I started using Google Reader daily in the fall of 2009, after one of my students at Saint Joseph's University mentioned it to me and suggested that I give it a try. Google Reader greatly simplified the task of keeping up with the few dozen blogs that I then had bookmarked in a 'favorites' folder on my Internet browser, conveniently aggregating them in a single feed. Google Reader quickly became an important means of organizing and digesting the mass of data that appeared before me each day, especially as the list of blogs on my daily reading list grew longer. I also discovered that Google Reader had become the preferred means by which many others chose to read my own blog, as Google helpfully informed me of the number of subscribers that I had at any given time.

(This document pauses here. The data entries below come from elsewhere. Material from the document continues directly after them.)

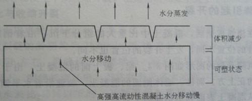 如果混凝土溫度比氣溫高(因陽光暴曬或其它原因,比如攪拌車到現(xiàn)場后,混凝土長時(shí)間不能澆灌入模,水化已經(jīng)開始),即使氣溫涼爽且相對濕度為100%的飽和條件下,水分從混凝土表面蒸發(fā)的速率也相當(dāng)可觀,因此,在涼爽、潮濕的氣候下混凝土也可能出現(xiàn)塑性裂縫。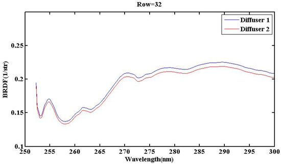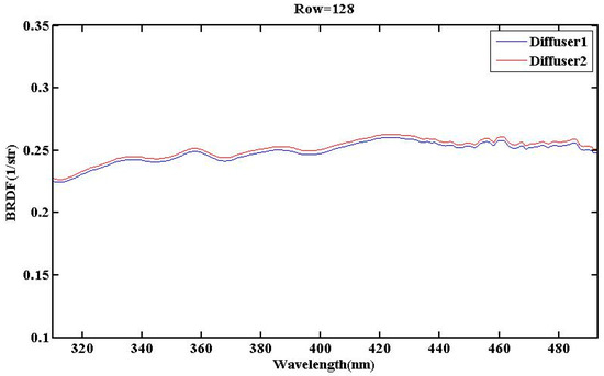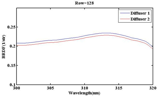 In Section 3, we utilized a transfer formula to calculate the relationship between the UVS BRDF under different incidence angles. The results indicate that, at specific incidence angles, the BRDF exhibits wavelength-dependent and spatial distribution characteristics, leading to varying BRDF characteristics corresponding to each pixel on the CCD image plane. From the results, it is evident that the diffuser’s dependence on wavelength is more pronounced in the 250–300 nm compared to the 300–500 nm. The BRDF characteristics of the diffusers of the UVS were evaluated. Based on radiometric calibrations involving multiple azimuth and elevation angles, a BRDF model was established for each pixel, revealing coefficients for the two diffusers in UVS. From the perspective of spatial distribution at a specific angle, the changes in BRDF are not entirely uniform across a wide field of view, and this phenomenon may be attributed to the intrinsic characteristics of the diffuse reflection board material. Given that all pixels on the UVS have been calibrated, these wavelength-dependent and spatially dependent characteristics can be adjusted through calibration coefficients.
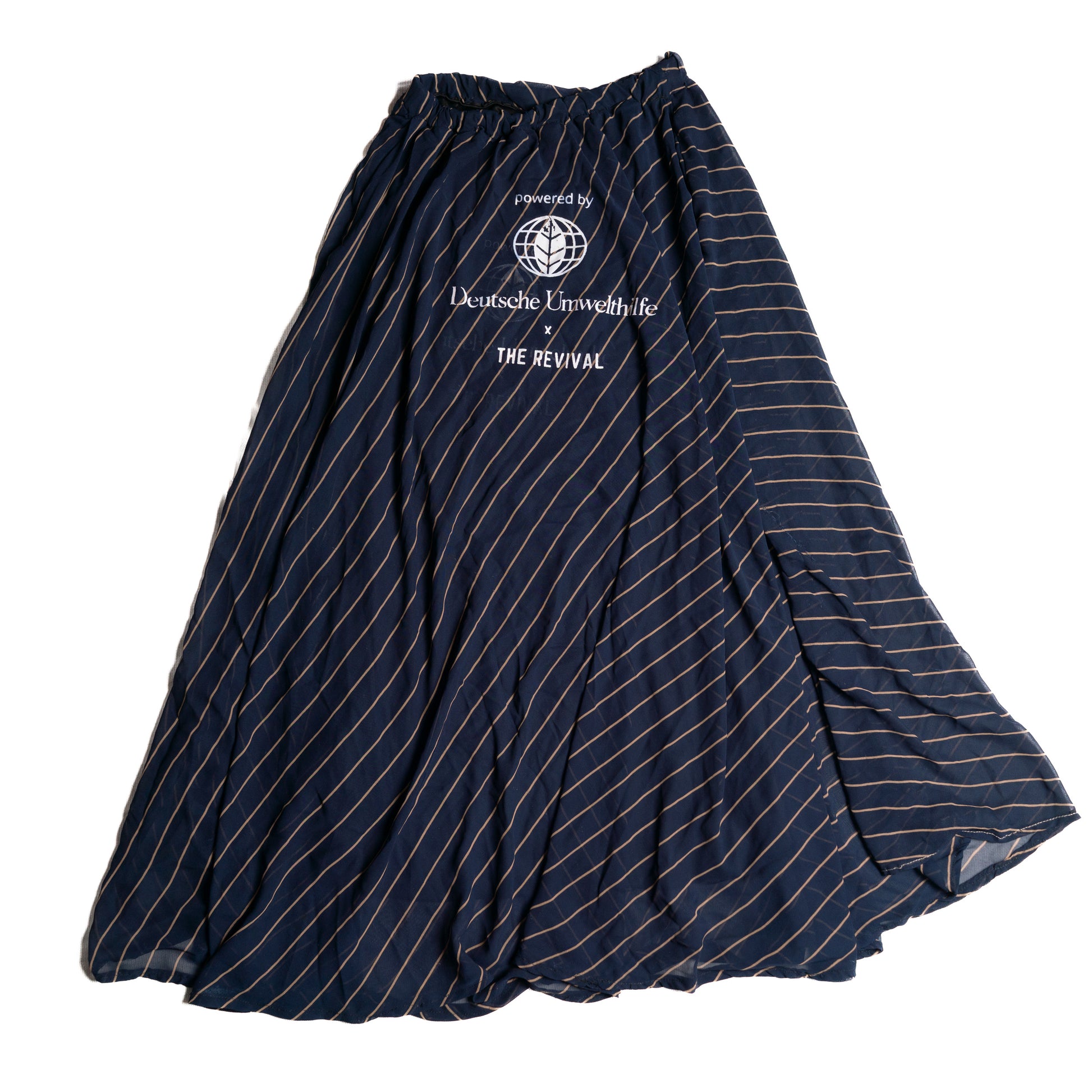 Der Rock besteht aus leichtem, fließendem Stoff mit feinen Streifen. Der elastische Bund sorgt für bequemen Halt und eine flexible Passform. Auf der Vorderseite findet sich das RR-Symbol sowie der dezente Schriftzug RECLAIM RESPONSIBILITY – ein Aufruf zu Verantwortung und bewusstem Konsum. Das „powered by Deutsche Umwelthilfe“-Logo und THE REVIVAL tragen ein klares Statement auf. Kleine Gebrauchsspuren machen jedes Stück unverwechselbar.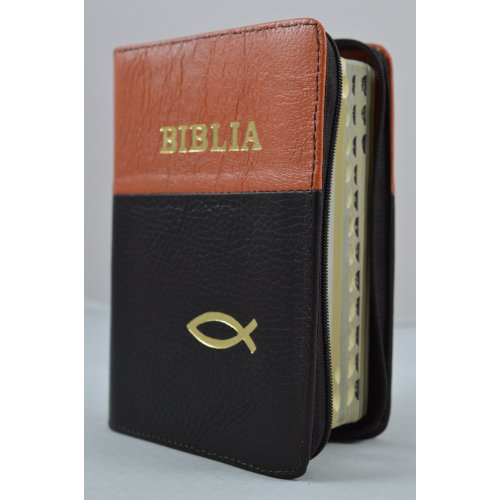 Biblia format mic, din piele, culoare maro cu portocaliu, index, fermoar, margini argintii, cu peste, cuv. lui Isus in rosu [047 PFI]
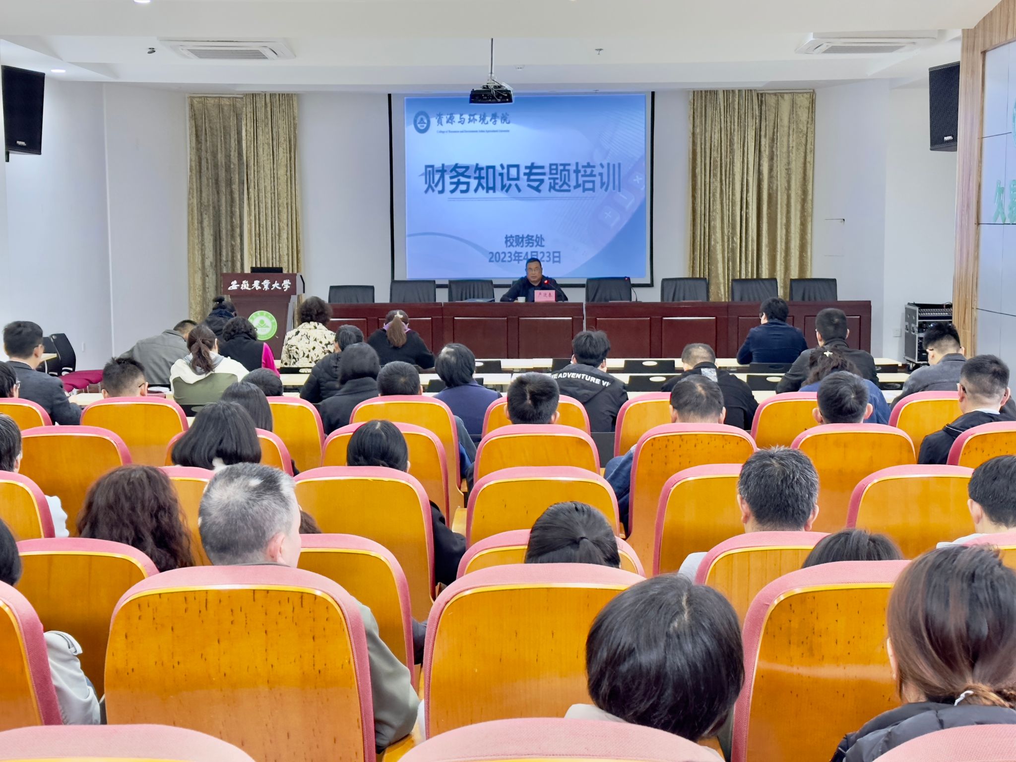 本网讯 聚焦扎实开展主题教育,进一步深化“我为师生办实事”理念和举措,不断丰富教职工财务知识,提高财务管理水平, 4月23日下午,资源与环境学院邀请财务处处长严迎春及财会骨干在中西部综合楼久易报告厅作财务知识专题培训。培训会由学院党委副书记、纪委书记、副院长姚洪章主持,学院全体教职工参加培训。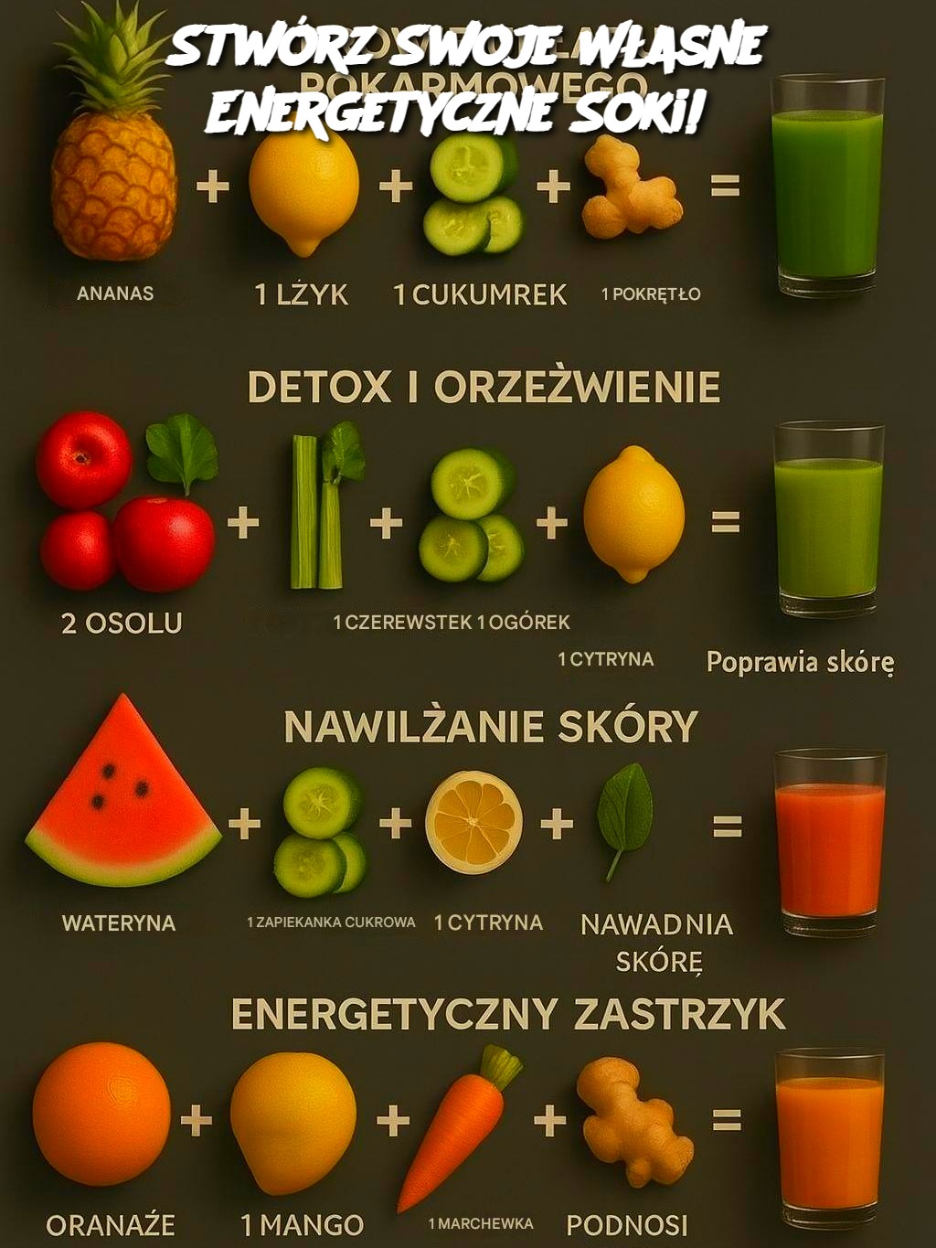 🌿 DLA ZDROWIA UKŁADU TRAWIENNEGO (Ulga dla brzucha!) 1 ananas + 1 cytryna + 1 ogórek + 1 kawałek imbiru 🍍 Bromelaina z ananasa + kojący imbir = szczęśliwe trawienie! 💧 NA DETOKS I ORZEŹWIENIE (Pełne oczyszczenie!) 2 jabłka + 1 łodyga selera naciowego + 1 ogórek + 1 cytryna 🍋 Nawilżające, oczyszczające i idealne … Read more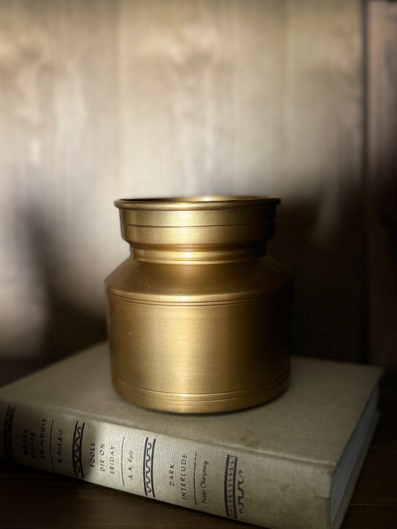 Its compact size makes it easy to style on open shelves, countertops, or accent tables. Use it to display greenery, dried florals, or simply let it shine on its own. The soft metallic tone pairs beautifully with both bold and neutral palettes, making it a versatile addition to modern, global, or collected interiors.
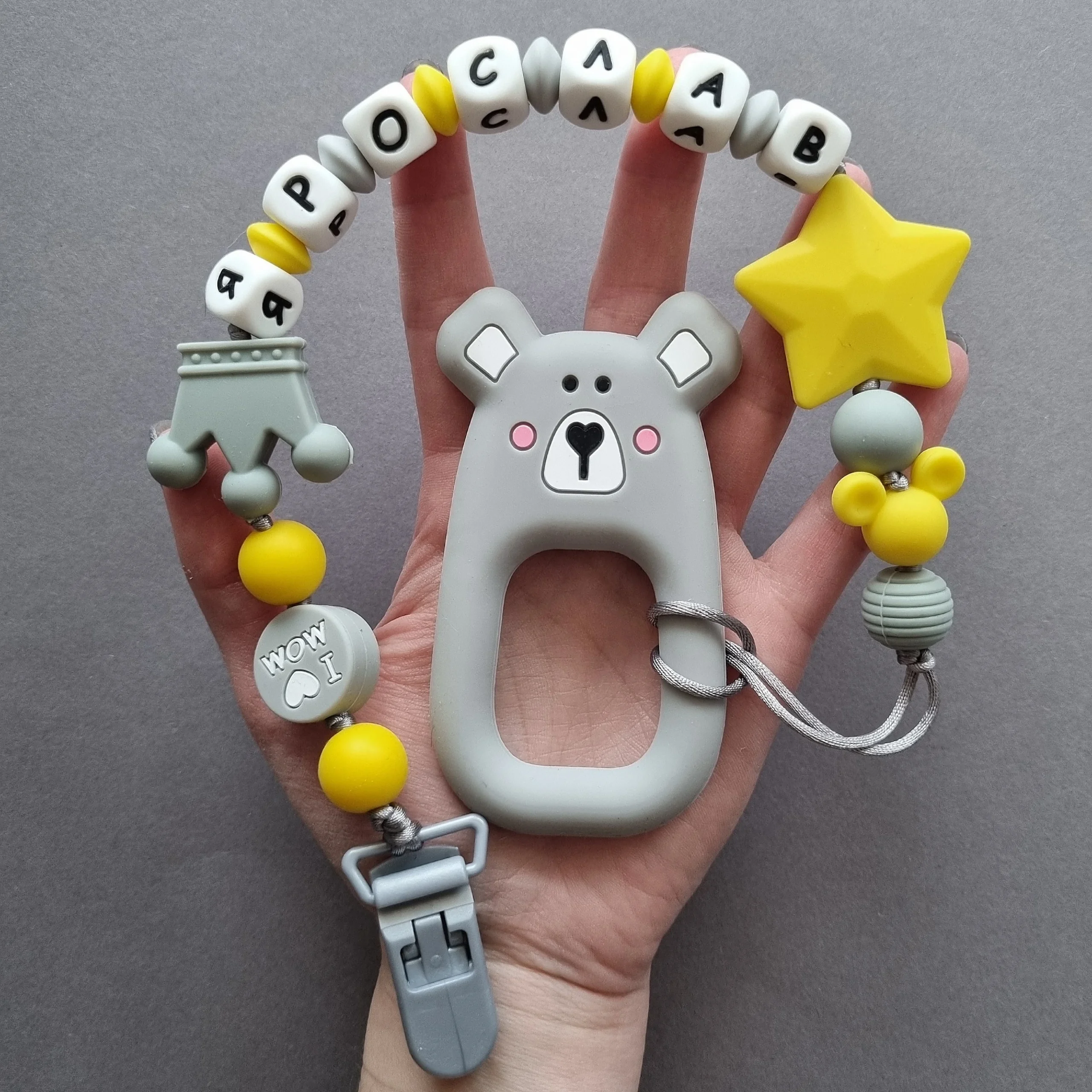 Чарівний дитячий гризунець із харчового силікону у вигляді ведмедика— чудовий супутник для вашого малюка під час прорізування зубів. М’яка текстура силікону дбайливо масажує ясна, допомагаючи полегшити біль. Головним елементом цього гризунця є миле ведмежа, яке викликає посмішку у дітей. Ви можете обрати бусини та декоративні елементи на свій смак, щоб створити унікальний аксесуар для вашого малюка. Всі деталі виготовлені з безпечного, нетоксичного матеріалу, що відповідає найвищим стандартам якості. Іменна персоналізація додає особливої індивідуальності, роблячи цей гризунець ідеальним подарунком.

Practically speaking, what does one do after a service that was an unobtrusive but significant part of one's daily life disappears? A fair number of alternative feed readers have appeared to try to take the place of Google Reader, and it seems that some of them are already struggling to meet demand. From what I can tell, the most popular of the Google Reader alternatives is Feedly, which I took a brief look at in March and decided not to adopt (at this writing I'm unable to visit the Feedly website because of apparent capacity problems, so perhaps I made the right decision). The RSS reader that I'm currently using is CommaFeed, which looks and functions enough like Google Reader to make for a relatively easy transition; CommaFeed has its fair share of difficulties - for example, it seems to have trouble with embedded video - but perhaps these will be resolved in time. I am also thinking of giving The Old Reader a try, but I haven't gotten around to it yet. Readers with opinions on such matters are welcome to share their thoughts on the various Google Reader replacements if they wish. For my part, I wish erstwhile Google Reader well as we make our way through the brave new world that has been foisted upon us. AMDG.